The school that churns out US presidents, Supreme Court justices, billionaire CEOs and Nobel Peace Prizes was taking a serious run at altering the discourse on this year's NCAA tournament, as well.
Harvard guard Laurent Rivard made a 3-pointer from the corner, looped his thumb and finger together around his eye - the "3-point goggles" - and flashed a determined glare toward a group of Crimson fans in the stands who were coming unhinged with 7:12 left in the game. Someone in the Harvard nation tweeted: "rooting for the 1 percent."
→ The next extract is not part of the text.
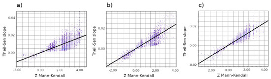 To carry out this verification, the Mann–Kendall test was used, starting from the Theil–Sen slope trends. In fact, the Z Mann–Kendall test [115,116,117] is not only able to verify the existence of a trend but also to estimate its statistical significance (separating the hypothesis H0 = absence of trend from H1 = presence of monotonous trend). On the other hand, Z Mann–Kendall is not able to identify the trend monotonicity, unlike the Theil–Sen slope estimator. Instead, because the Theil–Sen estimator does not provide any information regarding trend significance, it is very often used in combination with the Mann–Kendall test [79,118,119,120,121].
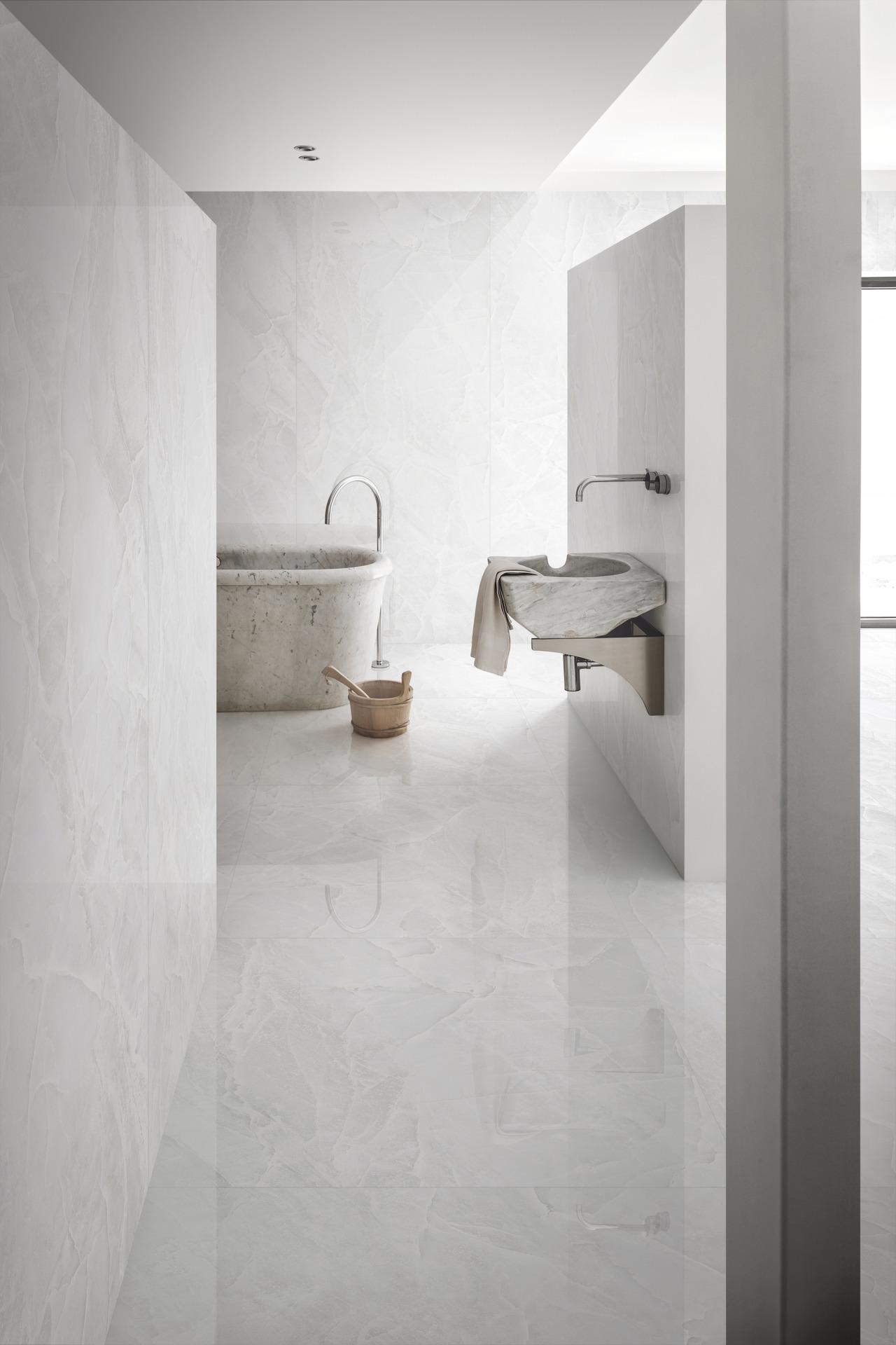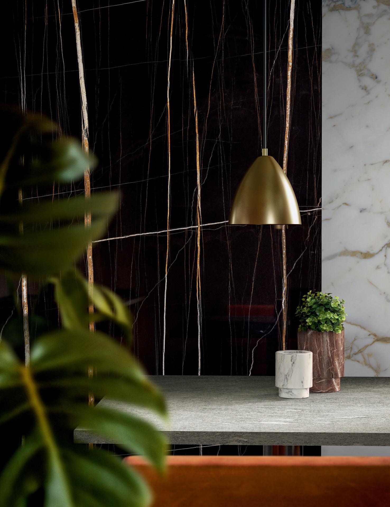 C'est de la beauté intemporelle des marbres que s'inspirent les dalles en grès haute technologie de dernière génération : plus nettes et plus durables que celles de l'original, les veines et les nuances des pierres les plus nobles et rares reprennent vie.

The Ivy Leaguers had overcome a 16-point deficit to take a two-point lead over Michigan State, a team that always comes up big on college basketball's biggest stage.
The next time down the floor, Spartans guard Travis Trice came back with a 3 to put his team back in the lead. A few minutes later, Michigan State was out of danger - not by much, though - on the way to an 80-73 victory that sent Harvard back home, but not without making a statement.
"We showed everybody that we can come all year and play with the best," sophomore guard Siyani Chambers said.
Led by a career-high 26 points from Branden Dawson, the fourth-seeded Spartans (28-8) moved onto the Sweet 16 for the 12th time in the last 17 seasons. They'll play Virginia or Memphis next Friday (local time) at Madison Square Garden.
In a test of tempos, Wisconsin delivered the knockout punch.
Ben Brust hit a 3-pointer with 1:07 left and the second-seeded Badgers overcame seventh-seeded Oregon's transition game for a thrilling 85-77 win to get into the Sweet 16.
Brust's clutch 3 from the corner gave the Badgers (28-7) the lead for good in a clash of styles played before a boisterous pro-Wisconsin crowd at the anything-but-neutral Bradley Center.
Traevon Jackson followed with three free throws, but missed one with 21 seconds left to give the Ducks (24-10) one more chance to tie trailing by three.
Oregon gave it to Joseph Young, who had made big shots all night and scored 29 points. But he missed a rushed 3 from the wing, and the Badgers sealed it at the foul line.
The red-clad fans erupted into a deafening roar. Their beloved Badgers are back in the NCAA regional semifinals for the first time since 2012. They will play Baylor or Creighton in Anaheim, California, on Thursday (local time).
Frank Kaminsky led the way with 19 points, Jackson finished with 16 and Brust had 12.
NO 1 FLORIDA ROLL
Scottie Wilbekin sat on the bench for the final minute, holding a bag of ice against his left knee.
It was about the only time he wasn't giving Pittsburgh huge problems on both ends of the court.
Wilbekin scored 21 points, including 11 of the team's 13 during a 7-minute stretch in the second half, and top-seeded Florida handled the Panthers 61-45 in the NCAA tournament. The Gators' 28th consecutive win put them in the Sweet 16 for the fourth consecutive year.
The latest victory followed a lackluster and head-scratching performance in the team's NCAA opener against Albany two days earlier.
The Gators vowed to play with more energy and intensity, and Wilbekin spearheaded the effort.
"We just wanted to come out and not let them play harder than us or not play as hard as we can," Wilbekin said. "I think we did a good job of having our energy up at the start of the game, and we played together on offense and played together on defence."
Wilbekin took over in the second half, scoring eight consecutive points at one point. Patric Young wasn't too shabby, either, finishing with seven points and eight rebounds. Will Yeguete added eight points - all in the paint.
Michael Frazier II chipped in 10 points for the Gators. Frazier was just 2-of-9 shooting from 3-point range. Had Florida not been cold from behind the arc, the game would have been essentially over much sooner than it was. The Gators finished 5 of 20 from 3-point range, with at least five of those rimming in and out.
Florida will face either fourth-seeded UCLA or 12th-seeded Stephen F. Austin on Thursday (local time) in the South Regional in Memphis, Tenn. The Bruins and Lumberjacks play Sunday (local time) in San Diego.
The Gators have the longest current streak of Sweet 16 appearances - and expect to go further.